_ACTIVITY:_
When you write out the listing below, keep each word exactly as it stands and drop the pictures.

_RECORDS TO PROCESS:_

--- START ---

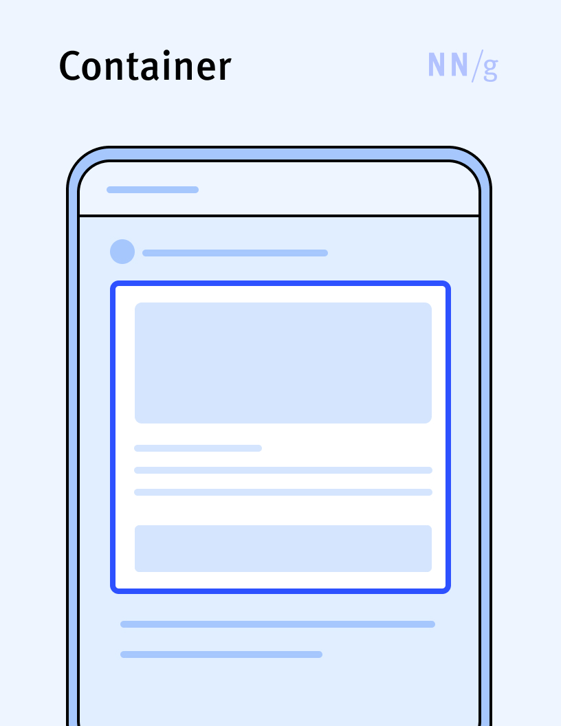 A graphical element used to hold and organize other related UI elements. Containers can include elements such as buttons, words, textboxes, or icons. Containers are usually visually defined through borders, shading, or spacing.
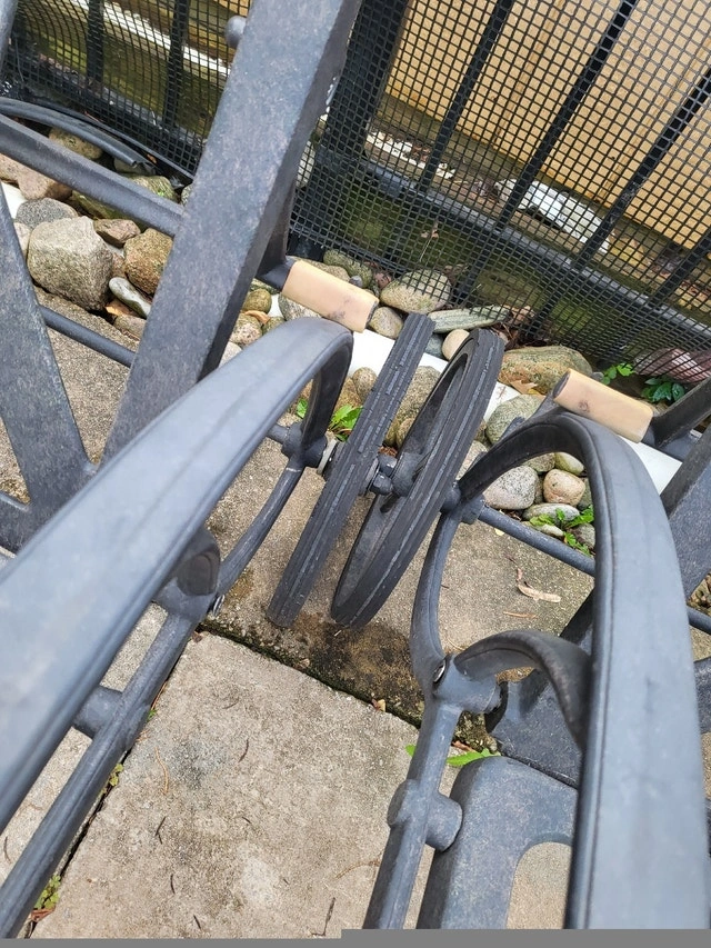 High end patio furniture from Hauser. They have nice big wheels to maneuver easily. One has a break on the upper right, priced at $250 for that one (see last picture). It is repairable and not visible with a cushion. Nice big oversized chairs.
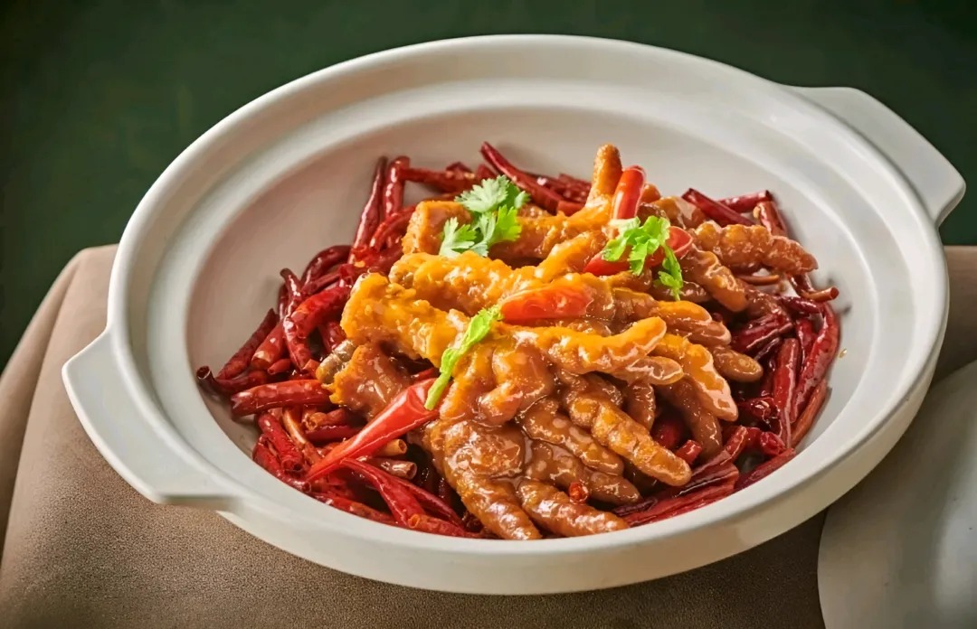 3、将制作好的虎皮凤爪放入调好的鲍汁中,确保凤爪被鲍汁完全覆盖小火慢煲约30分钟,让凤爪充分吸收鲍汁的鲜美和辣味,同时保持其虎皮的香脆。将入味后的虎皮凤爪捞出,摆放在盘中,注意保持其形状和虎皮的美观。
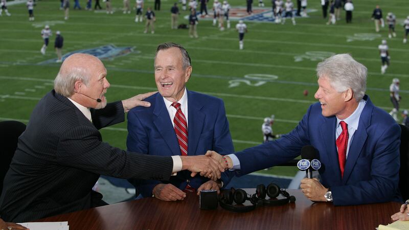2005 FOX Sportscaster Terry Bradshaw speaks with former U.S. Presidents George Bush and Bill Clinton in the FOX Broadcast booth during the XXXIX Superbowl pregame show at Alltel Stadium on February 6, 2005 in Jacksonville, Florida. (Frank Micelotta/Getty Images)
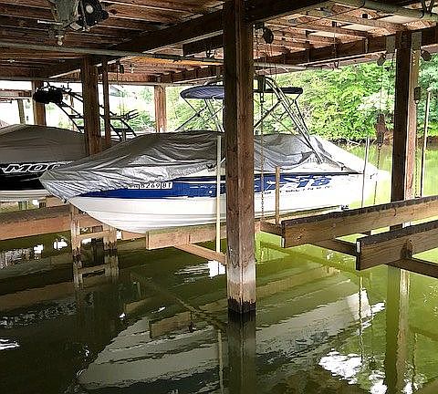 Two boat docks are included (one covered, one open) with this beautifully updated lakefront town home. Updated kitchen with granite counters, tile floors in kitchen and baths. Entry level boasts open kitchen to dining & great rooms that look over the lake, as well as a convenient 1/2 bath and cozy wood burning fireplace. Upper level boasts 2 bedrooms, full bath and second deck to enjoy the quiet and beautiful lake setting. Lower level boasts Master Suite or could be used as Family room or both, full bath, laundry & storage and walk out to patio overlooking the lake. ). Ceiling fans throughout. New HVAC in 2014 and new Fridge 2015. In-ground swimming pool, 10 minutes to grocery shopping,30 minutes to Roanoke, 45 minutes to Lynchburg. Great community on the lake too! Desirable commun.
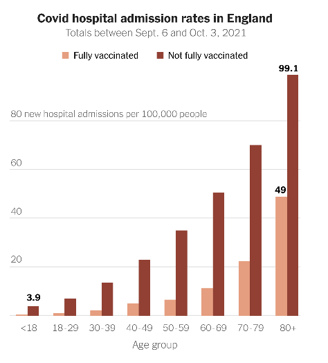 We have known almost from the beginning Covid hits age groups very differently. The New York Times shows us graphically the great danger to octogenarians versus the less than flu for children. Unless you have some co-morbidity, people under 50 have little likelihood of hospitalization, much less dying from covid. For a person in their 80s, the chance of dying from the disease multiplies. The daily covid death toll is dominated by those over 65. While vaccination cuts your risk from the disease, the elderly show evidence of waning protection. Common sense: those over 65 and at-risk need more help.
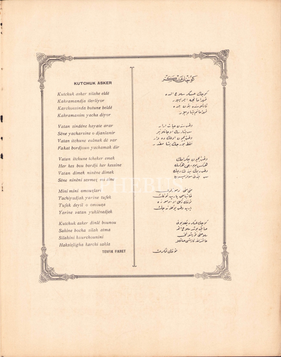 "Küçük asker silah elde/ Kahramanca ilerliyor/Karşısında bütün belde/'Kahramanım çok yaşa' diyor"
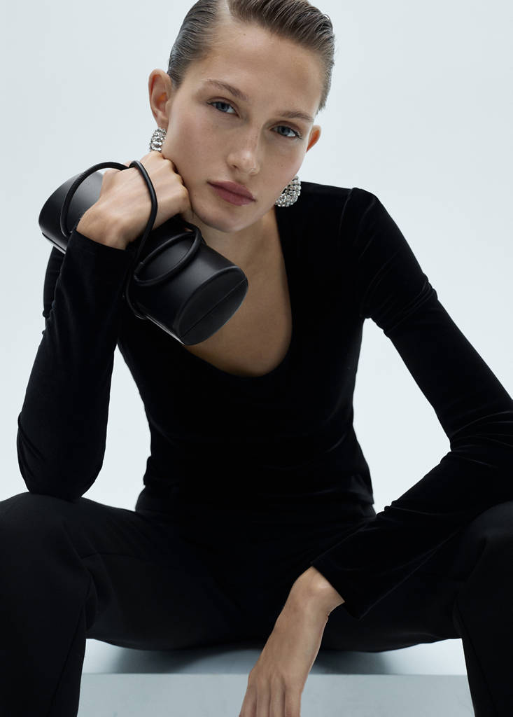 Low-cut velvet t-shirtCurrent price [US$ 39.99 ]US$ 39.99Select a colourBlackSmall garment - Choose one size up from the usualSelect your sizeXXSXSSMLXLXXL1XL2XL3XL4XLAdd to WishlistSee lookFree delivery to storeVelvet fabric. Fitted design. Round neck. Low neckline. Long sleeves. No Fastening. Available Plus. Party, ceremony and communion collectionDetails, composition and careStore availability
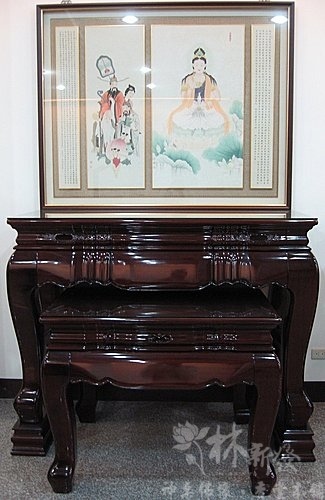 神明聯:半手繪綢布一尊觀音+財子壽;神桌:紫檀素面新式神桌(古銅色)
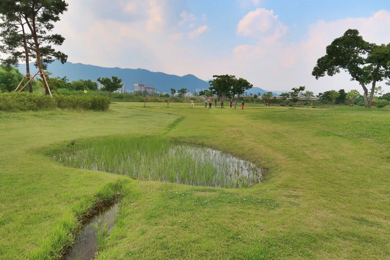 가산 파크골프 D 코스 내에 작은 연못이 있다. 맨발로 연못에 들어가 샷을 날리던 박세리 선수
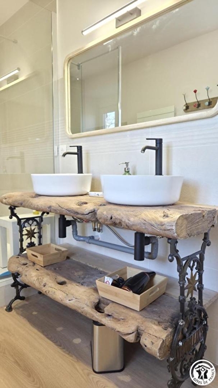 À l’intérieur, les pièces de vie dévoilent toute l’âme des lieux. Entre pierres apparentes, bois chaleureux et cuisine équipée ouverte sur le séjour, l’ambiance est conviviale et lumineuse. Dans l’un des gîtes, un imposant pressoir ancien témoigne du passé agricole de la maison. Simplicité, authenticité et fonctionnalité s’entremêlent pour créer un espace agréable.
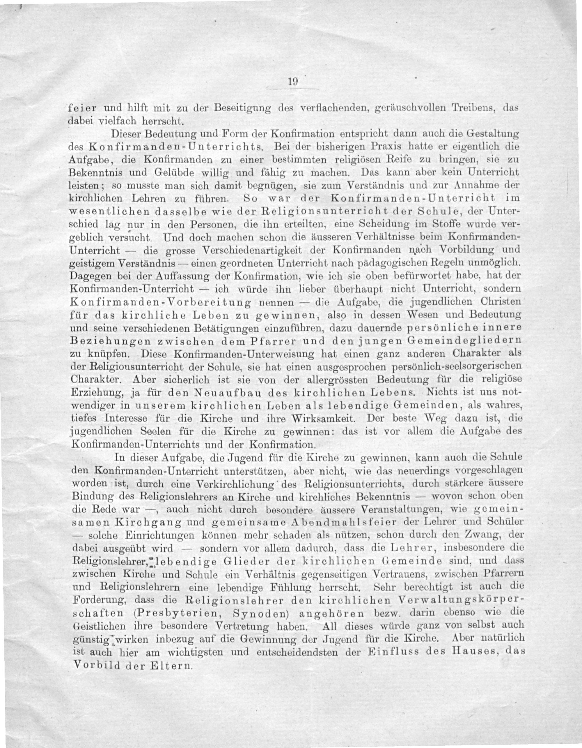 In dieser Aufgabe, die Jugend für die Kirche zu gewinnen, kann auch die Schule den Konfirmanden-Unterricht unterstützen, aber nicht, wie das neuerdings vorgeschlagen worden ist, durch eine Verkirchlichung des Religionsunterrichts, durch stärkere äussere
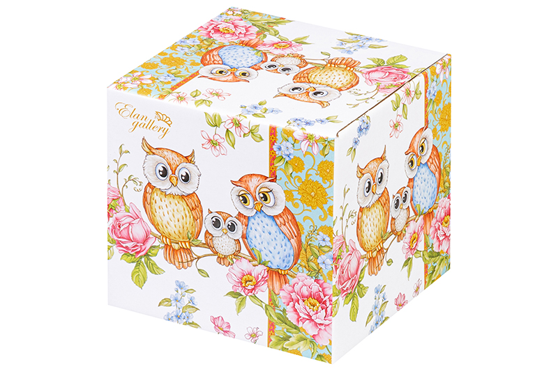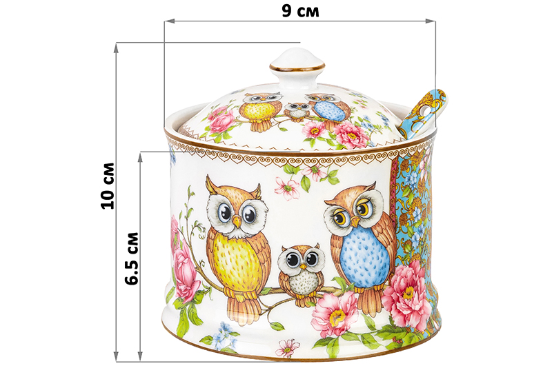 Сахарница 250 мл 9*9*10 см "Совушки" + ложка, NEW BONE CHINA
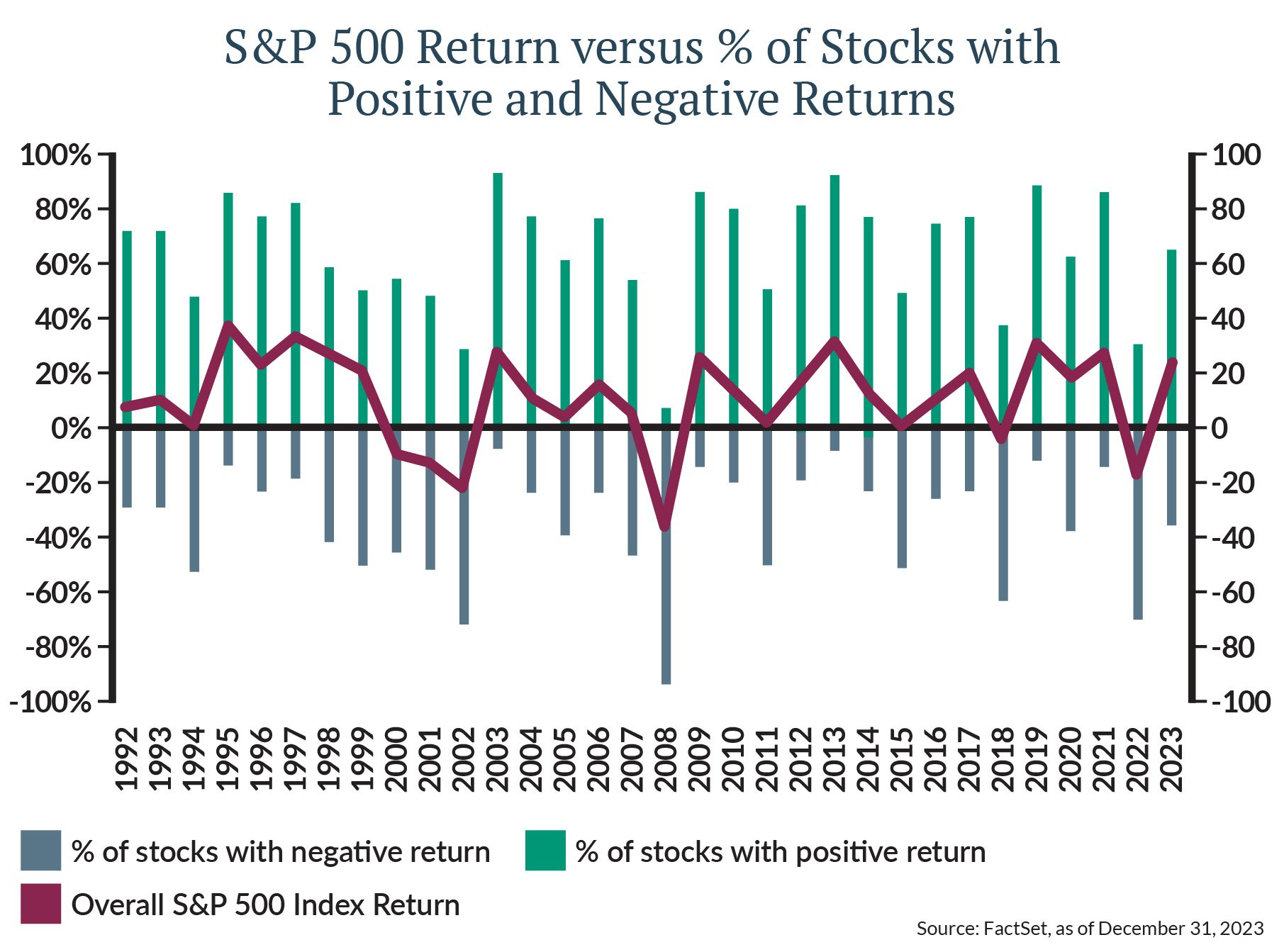 Because personalized indexing investors have direct ownership of the individual stocks in their portfolios, losses can be captured even in a year when the index gains in value. The chart below illustrates that even in the best years for the S&P 500, many individual stocks decline, offering a large opportunity set to harvest losses.
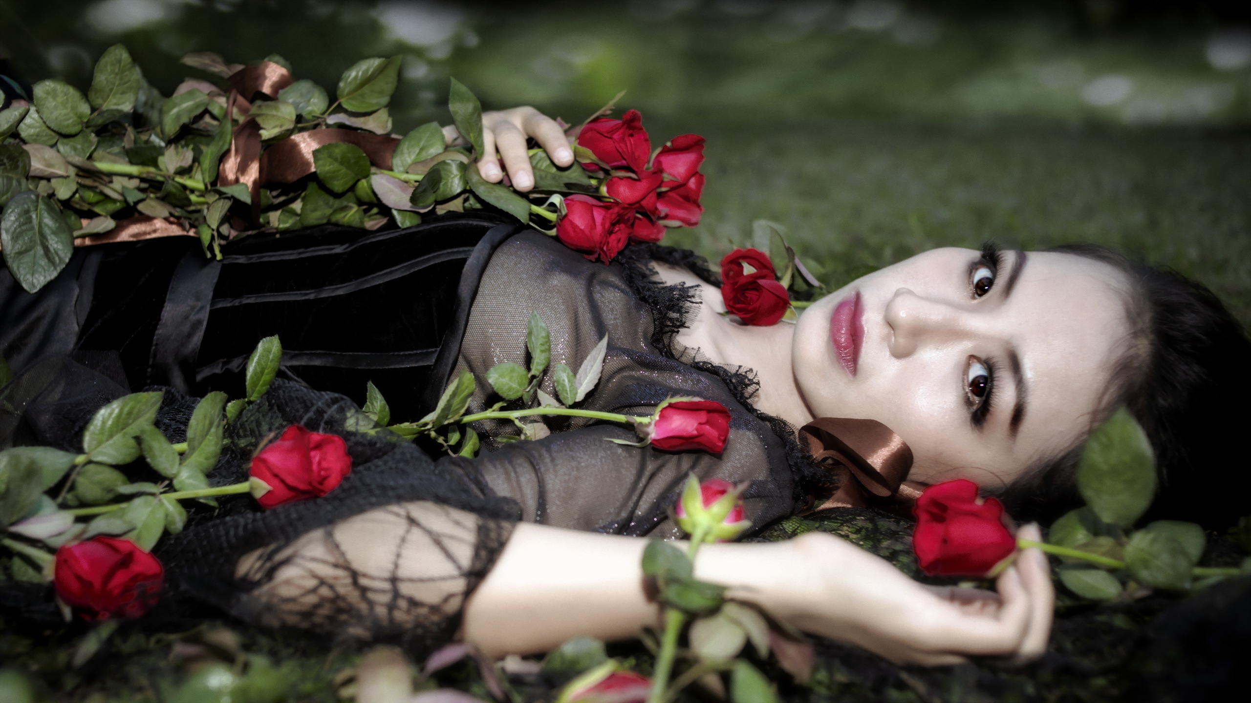 Description: A woman laying on the ground with roses in her hand and a black dress on her chest and a black veil on her head.
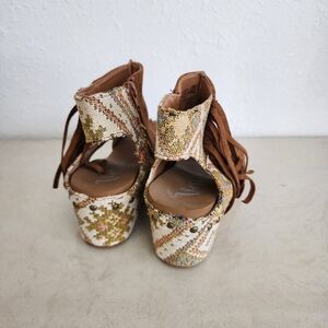 Very G Western Tramonte Fringe Wedge Sandals Tan Sz 7

--- END ---

_REPLY TO THE EXERCISE:_
 A graphical element used to hold and organize other related UI elements. Containers can include elements such as buttons, words, textboxes, or icons. Containers are usually visually defined through borders, shading, or spacing.
 High end patio furniture from Hauser. They have nice big wheels to maneuver easily. One has a break on the upper right, priced at $250 for that one (see last picture). It is repairable and not visible with a cushion. Nice big oversized chairs.
 3、将制作好的虎皮凤爪放入调好的鲍汁中,确保凤爪被鲍汁完全覆盖小火慢煲约30分钟,让凤爪充分吸收鲍汁的鲜美和辣味,同时保持其虎皮的香脆。将入味后的虎皮凤爪捞出,摆放在盘中,注意保持其形状和虎皮的美观。
2005 FOX Sportscaster Terry Bradshaw speaks with former U.S. Presidents George Bush and Bill Clinton in the FOX Broadcast booth during the XXXIX Superbowl pregame show at Alltel Stadium on February 6, 2005 in Jacksonville, Florida. (Frank Micelotta/Getty Images)
 Two boat docks are included (one covered, one open) with this beautifully updated lakefront town home. Updated kitchen with granite counters, tile floors in kitchen and baths. Entry level boasts open kitchen to dining & great rooms that look over the lake, as well as a convenient 1/2 bath and cozy wood burning fireplace. Upper level boasts 2 bedrooms, full bath and second deck to enjoy the quiet and beautiful lake setting. Lower level boasts Master Suite or could be used as Family room or both, full bath, laundry & storage and walk out to patio overlooking the lake. ). Ceiling fans throughout. New HVAC in 2014 and new Fridge 2015. In-ground swimming pool, 10 minutes to grocery shopping,30 minutes to Roanoke, 45 minutes to Lynchburg. Great community on the lake too! Desirable commun.
 We have known almost from the beginning Covid hits age groups very differently. The New York Times shows us graphically the great danger to octogenarians versus the less than flu for children. Unless you have some co-morbidity, people under 50 have little likelihood of hospitalization, much less dying from covid. For a person in their 80s, the chance of dying from the disease multiplies. The daily covid death toll is dominated by those over 65. While vaccination cuts your risk from the disease, the elderly show evidence of waning protection. Common sense: those over 65 and at-risk need more help.
 "Küçük asker silah elde/ Kahramanca ilerliyor/Karşısında bütün belde/'Kahramanım çok yaşa' diyor"
 Low-cut velvet t-shirtCurrent price [US$ 39.99 ]US$ 39.99Select a colourBlackSmall garment - Choose one size up from the usualSelect your sizeXXSXSSMLXLXXL1XL2XL3XL4XLAdd to WishlistSee lookFree delivery to storeVelvet fabric. Fitted design. Round neck. Low neckline. Long sleeves. No Fastening. Available Plus. Party, ceremony and communion collectionDetails, composition and careStore availability
 神明聯:半手繪綢布一尊觀音+財子壽;神桌:紫檀素面新式神桌(古銅色)
 가산 파크골프 D 코스 내에 작은 연못이 있다. 맨발로 연못에 들어가 샷을 날리던 박세리 선수
 À l’intérieur, les pièces de vie dévoilent toute l’âme des lieux. Entre pierres apparentes, bois chaleureux et cuisine équipée ouverte sur le séjour, l’ambiance est conviviale et lumineuse. Dans l’un des gîtes, un imposant pressoir ancien témoigne du passé agricole de la maison. Simplicité, authenticité et fonctionnalité s’entremêlent pour créer un espace agréable.
 In dieser Aufgabe, die Jugend für die Kirche zu gewinnen, kann auch die Schule den Konfirmanden-Unterricht unterstützen, aber nicht, wie das neuerdings vorgeschlagen worden ist, durch eine Verkirchlichung des Religionsunterrichts, durch stärkere äussere
 Сахарница 250 мл 9*9*10 см "Совушки" + ложка, NEW BONE CHINA
 Because personalized indexing investors have direct ownership of the individual stocks in their portfolios, losses can be captured even in a year when the index gains in value. The chart below illustrates that even in the best years for the S&P 500, many individual stocks decline, offering a large opportunity set to harvest losses.
 Description: A woman laying on the ground with roses in her hand and a black dress on her chest and a black veil on her head.
 Very G Western Tramonte Fringe Wedge Sandals Tan Sz 7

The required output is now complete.